Foot Note: Tour Rally Semarang - Ambarawa (29 Mei 2010)

Aku rasa kali ini aku sangat tepat dalam memberikan judul Foot Note-ku karena memang sebagian besar spot-spot wisata di Ambarawa dan Semarang aku kunjungi dalam 1 hari saja....10 tempat wisata sekaligus! Bisa dibayangkan betapa melelahkannya perjalananku kali ini.

Goa Maria Kerep

Tempat doa ini terletak di Kab. Ambarawa (kisaran 2 jam perjalanan dengan mobil dari Semarang). Berbeda dengan Goa Maria Pohsarang - Kediri yang pernah aku kunjungi sebelumnya, Goa Maria Kerep lebih kecil. Begitu turun dari kendaraan yang kutumpangi, aku langsung disambut ibu-ibu penjual lilin dan bunga segar potong untuk dipersembahkan di altar Bunda Maria.
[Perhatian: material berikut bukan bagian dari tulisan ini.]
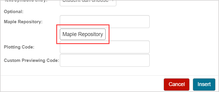 (Optional) Click Maple Repository to upload a Maple library from your personal Maple library archives into your question. The file path to your library will autofill after selecting it from your repository.
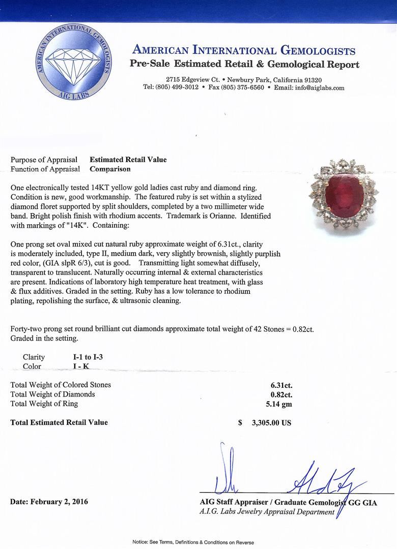 One electronically tested 14KT yellow gold ladies cast ruby and diamond ring. The featured ruby is set within a stylized diamond floret supported by split shoulders, completed by a two millimeter wide band. Bright polish finish with rhodium accents. Trademark is Orianne. Identified with markings of "14K". Condition is new, good workmanship. Containing: One prong set oval mixed cut natural ruby approximate weight of 6.31ct., clarity is moderately included, type II, medium dark, very slightly brownish, slightly purplish red color, (GIA slpR 6/3), cut is good. Transmitting light somewhat diffusely, transparent to translucent. Naturally occurring internal & external characteristics are present. Indications of laboratory high temperature heat treatment, with glass & flux additives. Graded in the setting. Ruby has a low tolerance to rhodium plating, repolishing the surface, & ultrasonic cleaning.Forty-Two prong set round brilliant cut diamonds approximate. Total Weight of 42 Stones = 0.82ct. Graded in the setting. Clarity: I-1 to I-3. Color: I - K. Total Weight of Colored Stones 6.31ct. Total Weight of Diamonds 0.82ct. Total Weight of Ring 5.14gm. AIG Appraised at $3,305.00.
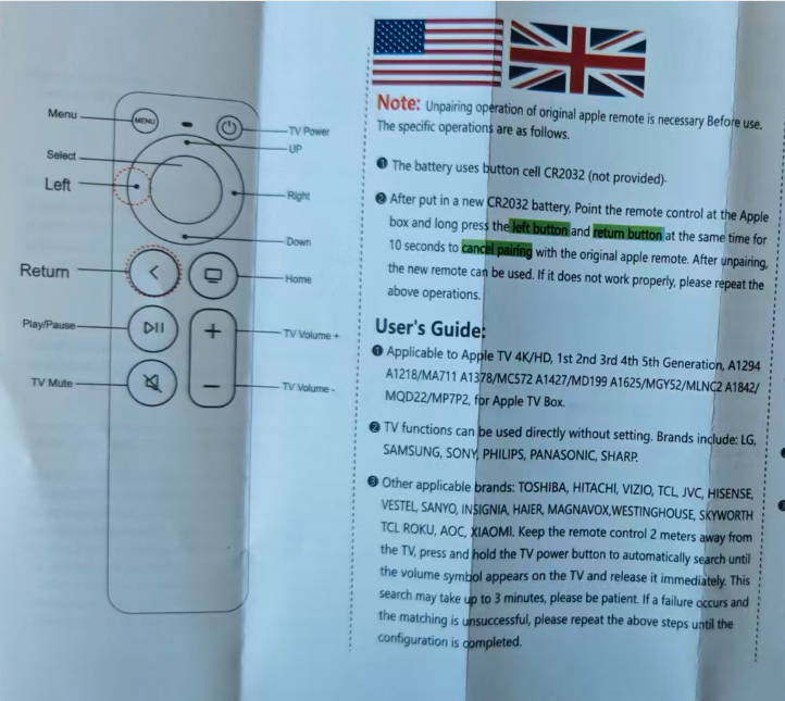 Télécommande universelle pour Apple TV et Apple TV Box, également compatible avec LG, Samsung, Sony, Panasonic, Philips sans configuration
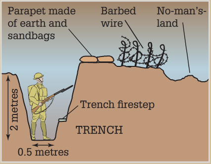 | What were the trenches? | The trenches were long holes in the ground reinforced with timber and sandbags, with wooden floors called duckboards. The aim was to provide some protection from enemy fire. |
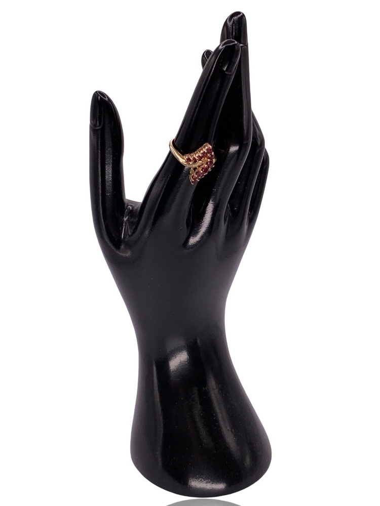 This elegant 10KT Yellow Gold Cluster Ring features a stunning arrangement of several red stones for a bold and vibrant look. Sized at 6, this piece can be resized for a perfect fit, making it a beautiful addition to any jewelry collection for daily wear or special occasions.
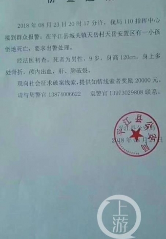 8月23日,湖南平江县一9岁男孩蹊跷死亡,经鉴定:其全身多处骨折、颅内出血、肝、脾破裂。
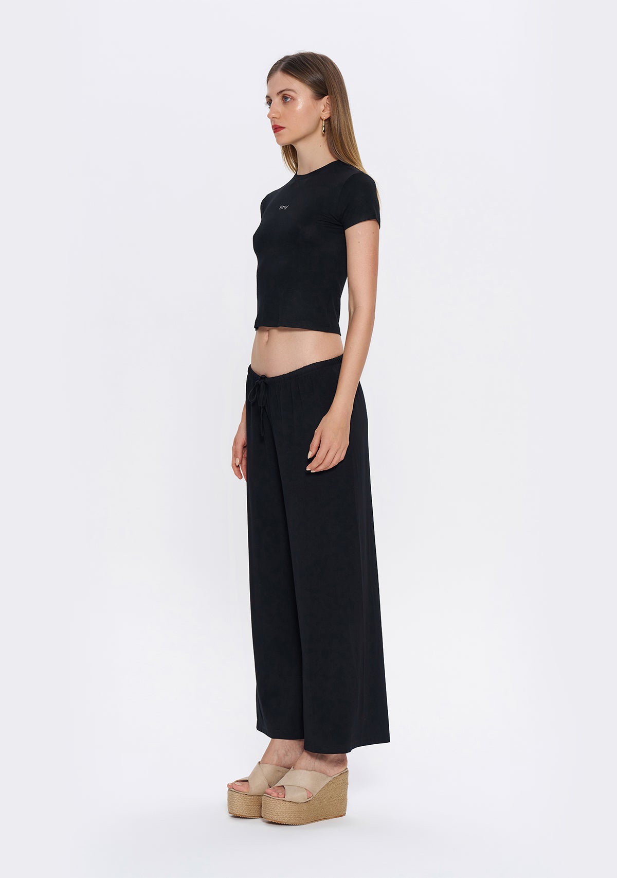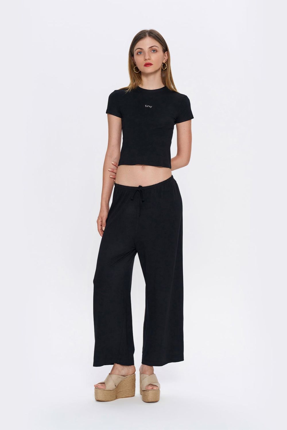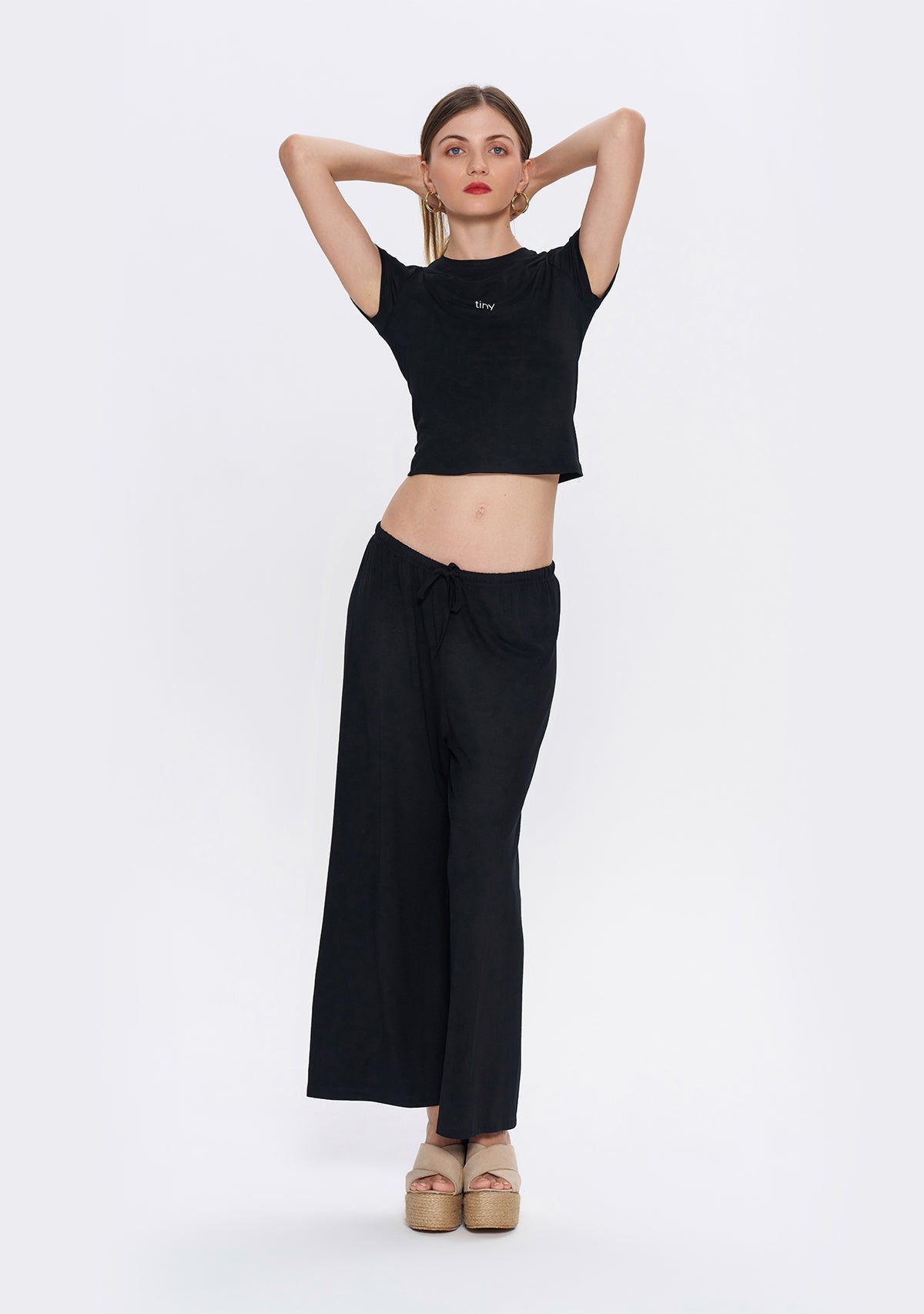 - Pamuklu kumaşı ile gün boyu rahatlık sunan Dar Kesim Siyah Tişört, vücuda oturan kesimiyle zamansız bir şıklık vaat ediyor.
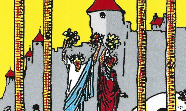 This card talks about worry and the need to set up boundaries. You have the man who looks worried. And maybe he should be. He’s been in battle, got some scratches, and now come out the other side of it. Nine is a number about wisdom and caring. It’s also the last of the single-digit numbers. So it can also speak to us about coming to the end of something. And that’s what this card feels like to me. Coming to the end of something and needing to protect it a little. It’s almost done and we just have to hang on a little bit longer.
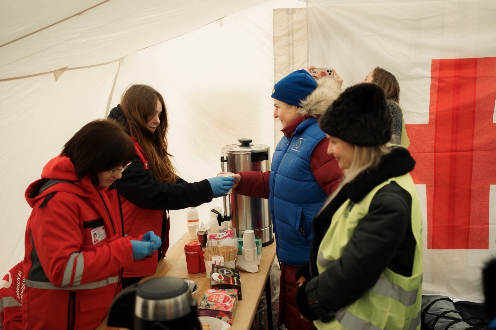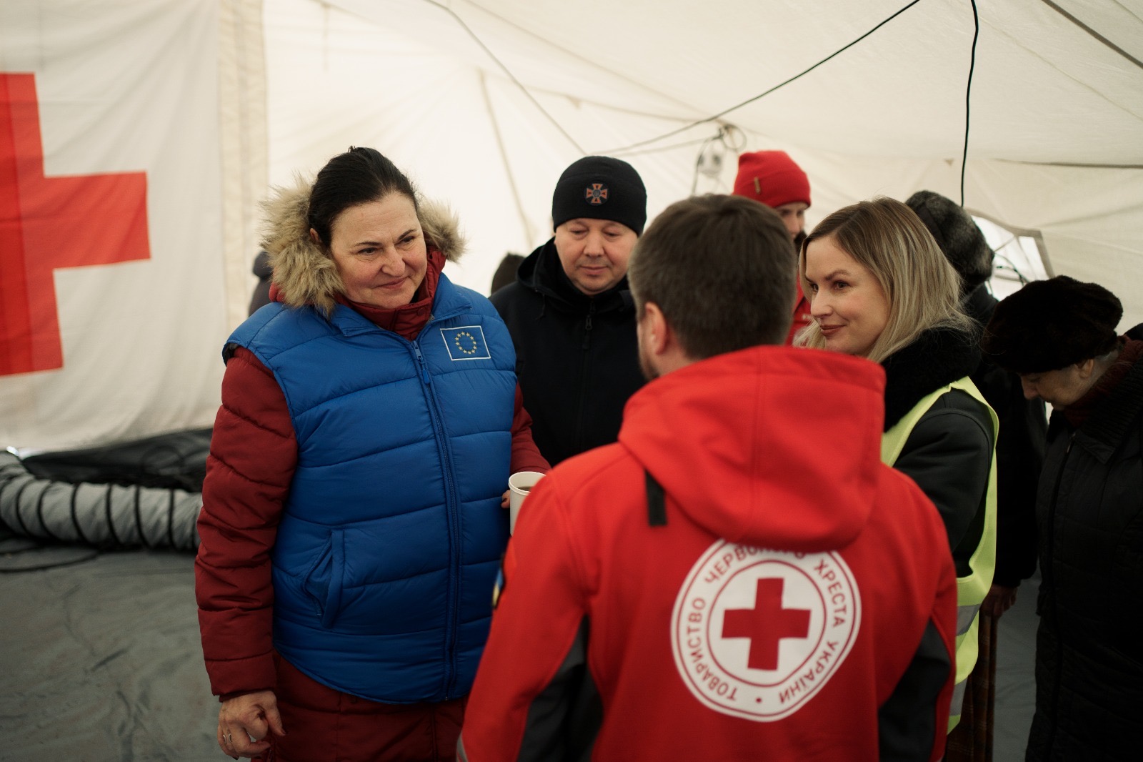 Делегація відвідала теплопункт Українського Червоного Хреста, де ознайомилася з його роботою та підтримкою населення в умовах енергетичної кризи. Окрему увагу приділили діяльності пунктів обігріву, зокрема їх матеріальному забезпеченню і заходам психосоціальної підтримки для відвідувачів. Партнери також поспілкувалася з відвідувачами теплопункту, які прийшли щоб зігрітися та зарядити мобільні телефони.

Suasana Goa Maria Kerep pada saat itu cukup ramai. Ada beberapa rombongan dari luar kota yang datang berkunjung untuk berziarah. Selain itu, ada juga rombongan anak-anak TK yang mengadakan kebaktian padang di sana.

Letaknya yang di daerah berbukitan membuat udara di Goa Maria Kerep sejuk dan pada saat berdoa sayup-sayup terdengar suara arus air sungai yang mengalir. Benar-benar menciptakan suasana yang hening untuk berdoa.

Museum Kereta Api

Museum ini terletak 12 Km dari Goa Maria Kerep. Museum ini dahulunya merupakan sebuah stasiun yang dibangun oleh Willem I untuk memudahkan transportasi, oleh karenanya museum ini juga dikenal dengan sebutan stasiun Willem I.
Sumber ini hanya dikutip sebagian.